Tingimos de sangue as pedras dos caminhos?...

Sentimos vertigens à borda de abismos?...

Que importa?

 

Todo o esforço é uma conquista…

a vida é uma conquista…

que nos deixará na alma, no coração,

em todo o nosso ser, uma alegria justa e imensa…

 — a alegria indizível de vencer!...

 

Subamos!...

É preciso subir para viver…

Subir para ver mais longe…

Subir para compreender os nossos irmãos…

Subir para abraçar a Humanidade inteira…

 

Partamos, então, a sorrir, de mãos dadas…

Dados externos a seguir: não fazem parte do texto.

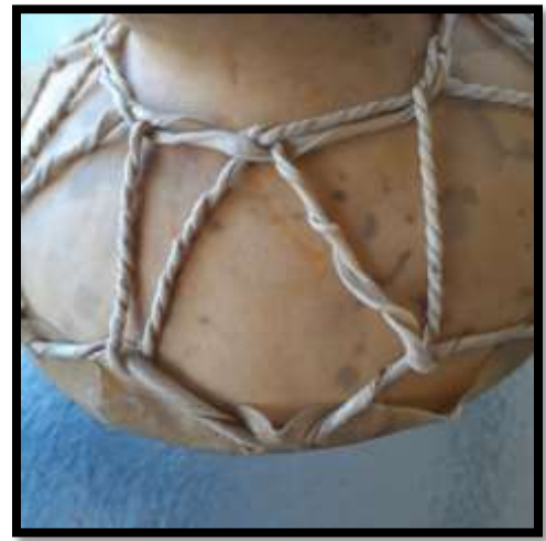
Wet rawhide lacing attaching wet drum head to gourd body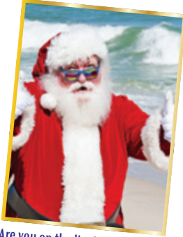
Are you on the list for Storytime?

Santa on social media brought to you by EYEOI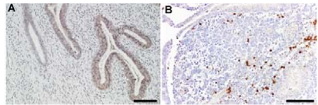
Figure 2 Immunohistochemical localization of the WAP proteins, SLPI and elafin, in human endometrium. (A) , SLPI immunolocalization in endometrium from the mid secretory phase. Immunoreactivity is present in the glandular epithelium and secretions. (B) , Elafin immunolocalization in menstrual endometrium. Immunoreactivity is present in neutrophils infiltrating the endometrial stroma. Scale bars = 100 \mu m.

The WAP protein, SLPI, has also been detected in the endometrial epithelium with peak expression in the mid-late secretory phase (Figure 2a) [39]. This protein may have important actions during the window of implantation. SLPI has several anti-inflammatory actions including inhibition of the proinflammatory transcription factor, nuclear factor \kappa B [40], and this combined with its anti-protease activity may prevent an excessive inflammatory response from occurring in the uterus at the time of implantation and during early pregnancy. In addition, SLPI has recently been suggested to have an effect on epithelial growth. Proepithelin (PEPI) is an epithelial growth factor that can be converted to a growth inhibitor, epithelin (EPI), by elastase. SLPI can form a complex with PEPI preventing its cleavage by elastase and hence, promote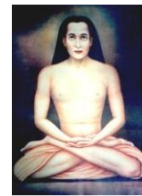
Kriya Babaji Nagaraj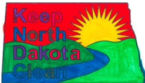
Special Abilities Lexie - Minot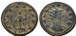
762 GALLIENUS, 254-268 AD. AE Antoninianus Reference: Condition: Very Fine Weight: 3.3 gr Diameter: 21 mm 1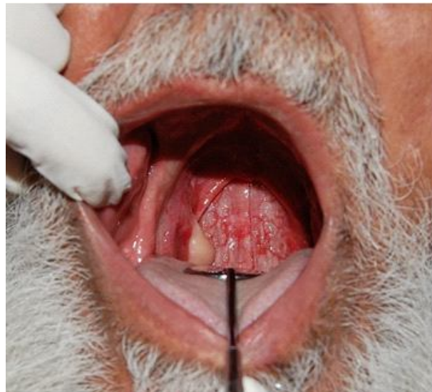
Fig. 1: Preoperative photograph showing the growth in the right tonsillar area.

Excisional biopsy (Fig-2) was done under local anaesthesia & the specimen was sent for histopathological examination (Fig-3) which revealed the structure of fibroma. Patient was recalled after 1wk for the follow up (Fig-4).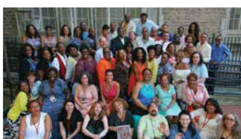
Music & Art, Class of 1984

Calcorreando caminhos e estradas...

cobertas de pó e de suor…

mas a cantar… a cantar…

irradiando à nossa volta

ALAGRIA

AMOR…

 

Irmã Maria Rosa

 

 

In Timoneiro, Fevereiro de 1984

 

 

NOTA: Presto hoje uma singela homenagem a uma pessoa que conheci na década de oitenta do século passado. Chamava-ve  Maria Rosa e era uma consagrada  das Religiosas do Amor de Deus. Tirou o curso de Educadora de Infância já madura. E trabalhou, como coordenadora do jardim e Creche da Obra da Providência, durante algum tempo. Pessoa exigente, responsável, e com capacidade de iniciativa. Frontal sem esconder o lado espiritual da vida.  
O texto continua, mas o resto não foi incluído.